Required work: In your copy, reproduce the entries exactly as they are, minus the images.

++++ Data extract

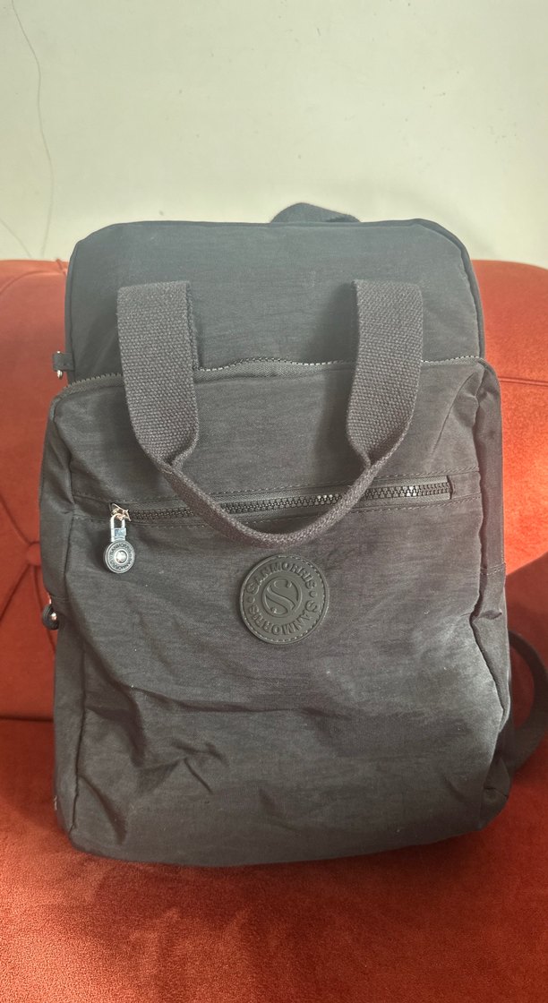 Siyah renkli, fermuarlı ve baskılı desenli kadın sırt çantası, sentetik kumaştan üretilmiştir. Trendy ve minimalist sokak stili için uygundur. Okul , seyahat ve benzeri yarler için uygundur sanmorris marka çok gözlü valiz takma yeri var çok iyi durumda
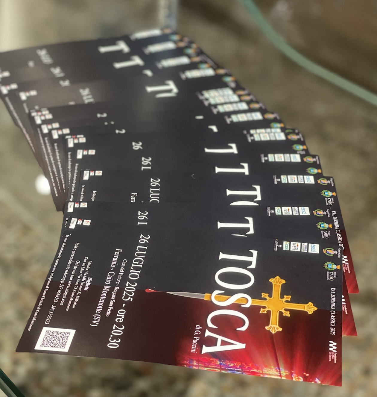 I biglietti sono acquistabili online sul sito www.clappit.com o presso: Libridea, Via della Fornace 52, Millesimo e Casa del Libro, Via Roma 73, Cairo Montenotte. Info e prevendite via WhatsApp al 347 6658335 o 345 5755423.
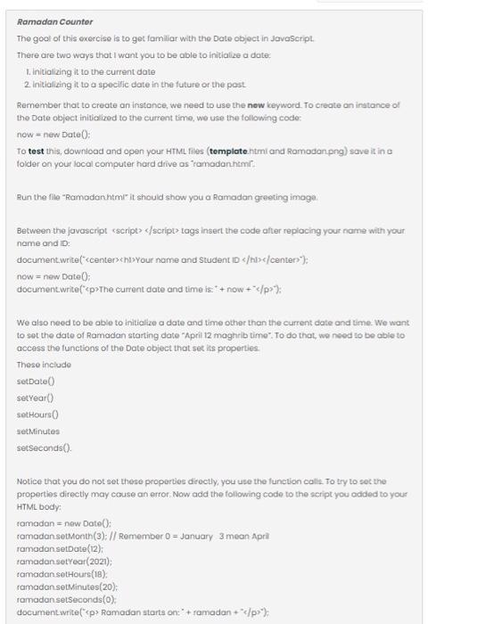 Ramadan Counter The Goal Of This Exercise Is To Get Chegg Com
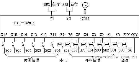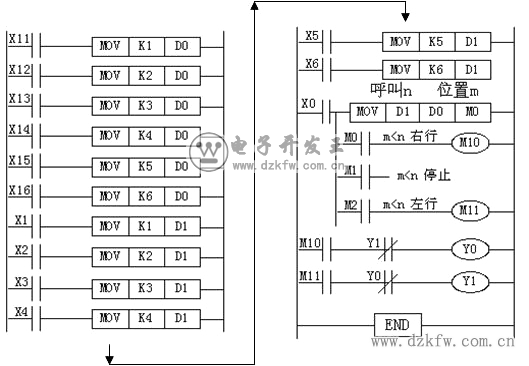 图中将送料车当前位置送到数据寄存器 D0 中,将呼叫工作台号送到数据寄存器 D1 中,然后通过 D0 与 D1 中数据的比较,决定送料车的运行方向和到达的目标位置。
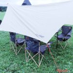 くつろいで食事をしたりするスペースとして、トレッカー ヘキサタープセット350×280UV (カーキ)16,500円を設置。こちらもポールを立ててロープで固定し、さらにタープの両側をガイドロープで固定するだけなので簡単だ。
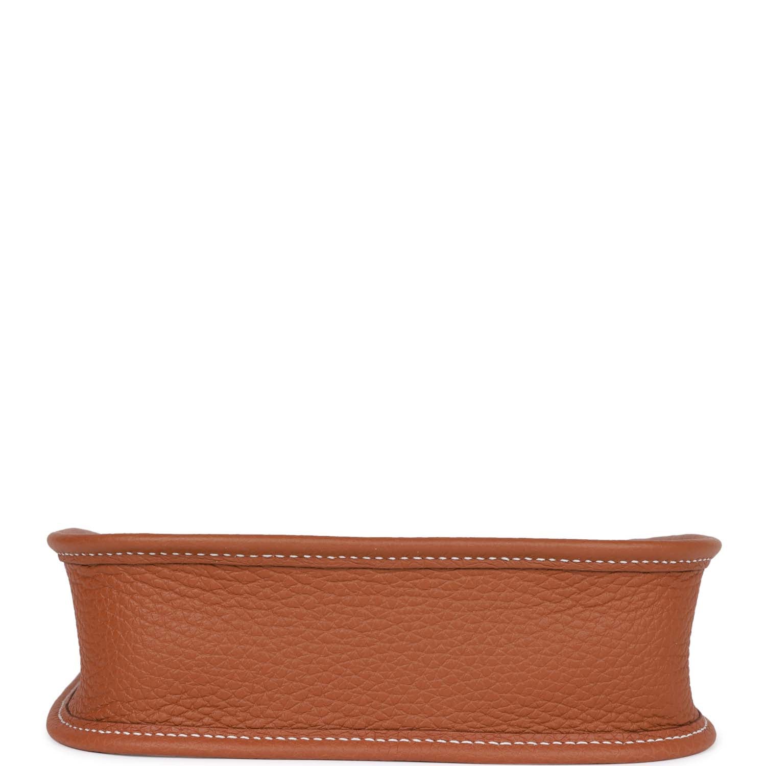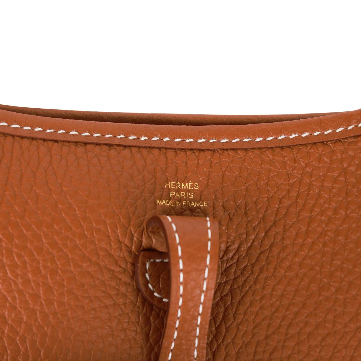 This Evelyne TPM messenger bag is in Gold clemence leather with gold hardware, a large perforated H in circle at the front, pull tab top snap closure and removable gold canvas and leather shoulder/crossbody strap
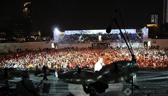 Next to Burj Khaleefa in Al Muntazah Park was the Du Music Festival. The firework of the show was the one and only Amr Diab where he through a magical concert on Friday 9 March. As all his concerts, it was successful beyond words with many youth attending.Diab sang many of his famous songs and the audience sang along with him. And as usual, he read out the lyrics of one of his new songs but without its music.
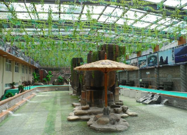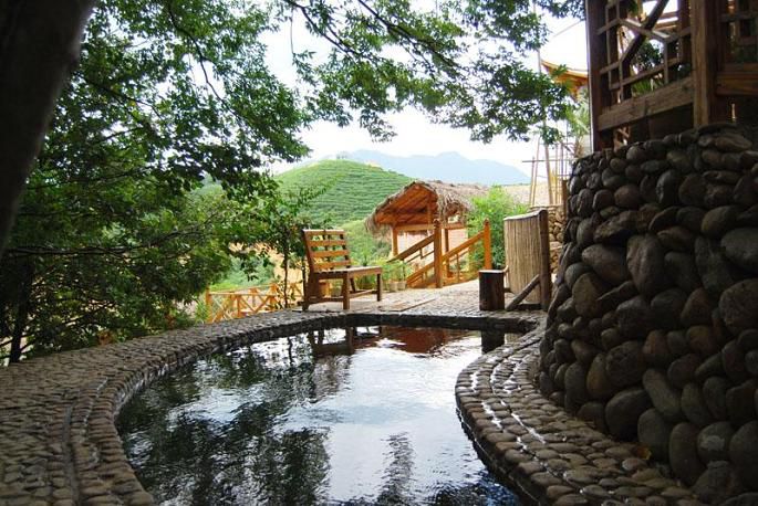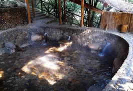 汤沐园的温泉水源在金山脚下,水质100%纯天然,是难得的优质岩层温泉。利用温泉丰富的微量元素和矿物质,配鱼疗、药疗等,由于温泉置身于具有150多年阔叶树森林里,充足的空气负离子,我们完全的把自己交给这里,精神和身体都得到从未有过的放松和享受。
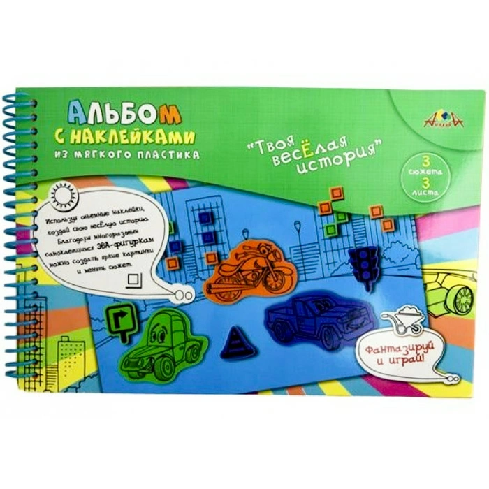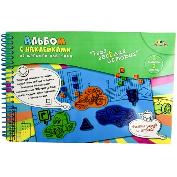 Набор для творчества. Альбом с наклейками из мягкого пластика "Твоя веселая история". размер 18 х 27 см. В альбоме 3 листа мягкого пластика, на которых напечатаны сюжеты и 3 листа с фигурными наклейками. Приклеивая наклейки на рисунок ребенок создает свою веселую историю. Обложка из мелованного картона с полноцветной печатью. Крепление листов - цветная пластиковая спираль. Упаковка - ПЭТ пакет с европодвесом.
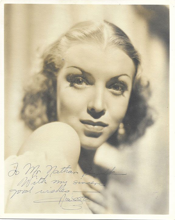 Margo (born MarĂa Marguerita Guadalupe Teresa Estela Bolado Castilla y O’Donnell, May 10, 1917 - July 17, 1985) was a Mexican actress and dancer.[She appeared in many film, stage, and television productions, including Lost Horizon (1937), The Leopard Man (1943), Viva Zapata! (1952), and I'll Cry Tomorrow (1955). She married actor Eddie Albert in 1945 and was later known as Margo Albert. Fine, close-up full-face pose, vintage double weight photograph 8”x10”, inscribed and signed: “To Nathan Bardt, with my sincere good wishes- Margo.” Not a common signed photograph.....................$195.00
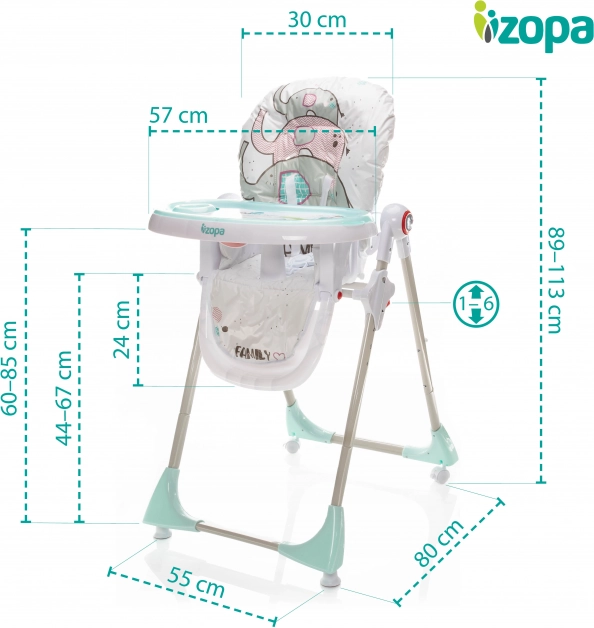 La chaise haute Monti aux motifs amusants d’animaux s’adapte facilement aux besoins de votre enfant de 6 mois à 3 ans ou jusqu’à 15 kg, grâce au réglage non seulement de la hauteur de la chaise, mais aussi de l’inclinaison du dossier et du repose‑pieds, ainsi qu’au réglage de la distance du plateau. Tout cela garantit à votre enfant une assise à la fois confortable et sécurisée pendant les repas et autres activités.
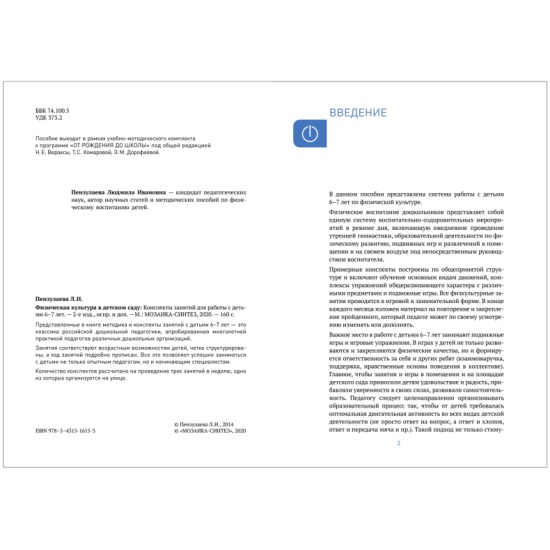 Пособие издано в рамках учебно-методического комплекта к программе «ОТ РОЖДЕНИЯ ДО ШКОЛЫ». В пособии представлена методика и конспекты занятий по физическому воспитанию детей 6-7 лет. Книга содержит: • методические рекомендации по работе с детьми 6-7 лет; • примерное содержание физкультурных занятий. Материалы пособия четко структурированы, ход занятий подробно прописан, учитывая возрастные возможности детей, что позволяет успешно проводить занятия с детьми не только опытным педагогам, но и начинающим специалистам. Количество конспектов рассчитано на проведение трех занятий в неделю, одно из которых организуется на улице.
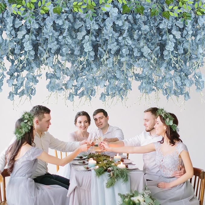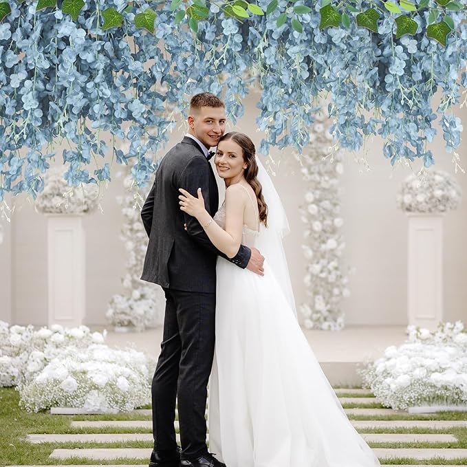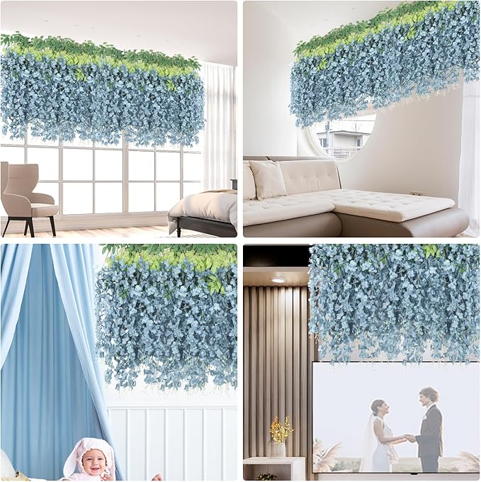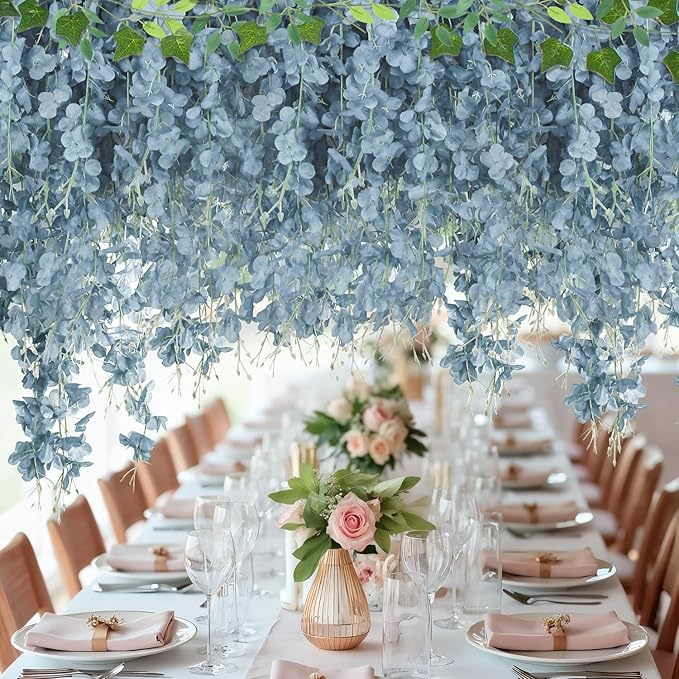 25 Pcs Artificial Wisteria Hanging Flowers 3.6ft Dusty Blue Fake Hanging Flowers Garland Silk Flowers Rattan String Faux Wisteria Vine for Wall Home Wedding Party Arch Greenery Backdrop Decor

++++++++

Exercise result:
 Siyah renkli, fermuarlı ve baskılı desenli kadın sırt çantası, sentetik kumaştan üretilmiştir. Trendy ve minimalist sokak stili için uygundur. Okul , seyahat ve benzeri yarler için uygundur sanmorris marka çok gözlü valiz takma yeri var çok iyi durumda
 I biglietti sono acquistabili online sul sito www.clappit.com o presso: Libridea, Via della Fornace 52, Millesimo e Casa del Libro, Via Roma 73, Cairo Montenotte. Info e prevendite via WhatsApp al 347 6658335 o 345 5755423.
 Ramadan Counter The Goal Of This Exercise Is To Get Chegg Com
 图中将送料车当前位置送到数据寄存器 D0 中,将呼叫工作台号送到数据寄存器 D1 中,然后通过 D0 与 D1 中数据的比较,决定送料车的运行方向和到达的目标位置。
 くつろいで食事をしたりするスペースとして、トレッカー ヘキサタープセット350×280UV (カーキ)16,500円を設置。こちらもポールを立ててロープで固定し、さらにタープの両側をガイドロープで固定するだけなので簡単だ。
 This Evelyne TPM messenger bag is in Gold clemence leather with gold hardware, a large perforated H in circle at the front, pull tab top snap closure and removable gold canvas and leather shoulder/crossbody strap
 Next to Burj Khaleefa in Al Muntazah Park was the Du Music Festival. The firework of the show was the one and only Amr Diab where he through a magical concert on Friday 9 March. As all his concerts, it was successful beyond words with many youth attending.Diab sang many of his famous songs and the audience sang along with him. And as usual, he read out the lyrics of one of his new songs but without its music.
 汤沐园的温泉水源在金山脚下,水质100%纯天然,是难得的优质岩层温泉。利用温泉丰富的微量元素和矿物质,配鱼疗、药疗等,由于温泉置身于具有150多年阔叶树森林里,充足的空气负离子,我们完全的把自己交给这里,精神和身体都得到从未有过的放松和享受。
 Набор для творчества. Альбом с наклейками из мягкого пластика "Твоя веселая история". размер 18 х 27 см. В альбоме 3 листа мягкого пластика, на которых напечатаны сюжеты и 3 листа с фигурными наклейками. Приклеивая наклейки на рисунок ребенок создает свою веселую историю. Обложка из мелованного картона с полноцветной печатью. Крепление листов - цветная пластиковая спираль. Упаковка - ПЭТ пакет с европодвесом.
 Margo (born MarĂa Marguerita Guadalupe Teresa Estela Bolado Castilla y O’Donnell, May 10, 1917 - July 17, 1985) was a Mexican actress and dancer.[She appeared in many film, stage, and television productions, including Lost Horizon (1937), The Leopard Man (1943), Viva Zapata! (1952), and I'll Cry Tomorrow (1955). She married actor Eddie Albert in 1945 and was later known as Margo Albert. Fine, close-up full-face pose, vintage double weight photograph 8”x10”, inscribed and signed: “To Nathan Bardt, with my sincere good wishes- Margo.” Not a common signed photograph.....................$195.00
 La chaise haute Monti aux motifs amusants d’animaux s’adapte facilement aux besoins de votre enfant de 6 mois à 3 ans ou jusqu’à 15 kg, grâce au réglage non seulement de la hauteur de la chaise, mais aussi de l’inclinaison du dossier et du repose‑pieds, ainsi qu’au réglage de la distance du plateau. Tout cela garantit à votre enfant une assise à la fois confortable et sécurisée pendant les repas et autres activités.
 Пособие издано в рамках учебно-методического комплекта к программе «ОТ РОЖДЕНИЯ ДО ШКОЛЫ». В пособии представлена методика и конспекты занятий по физическому воспитанию детей 6-7 лет. Книга содержит: • методические рекомендации по работе с детьми 6-7 лет; • примерное содержание физкультурных занятий. Материалы пособия четко структурированы, ход занятий подробно прописан, учитывая возрастные возможности детей, что позволяет успешно проводить занятия с детьми не только опытным педагогам, но и начинающим специалистам. Количество конспектов рассчитано на проведение трех занятий в неделю, одно из которых организуется на улице.
 25 Pcs Artificial Wisteria Hanging Flowers 3.6ft Dusty Blue Fake Hanging Flowers Garland Silk Flowers Rattan String Faux Wisteria Vine for Wall Home Wedding Party Arch Greenery Backdrop Decor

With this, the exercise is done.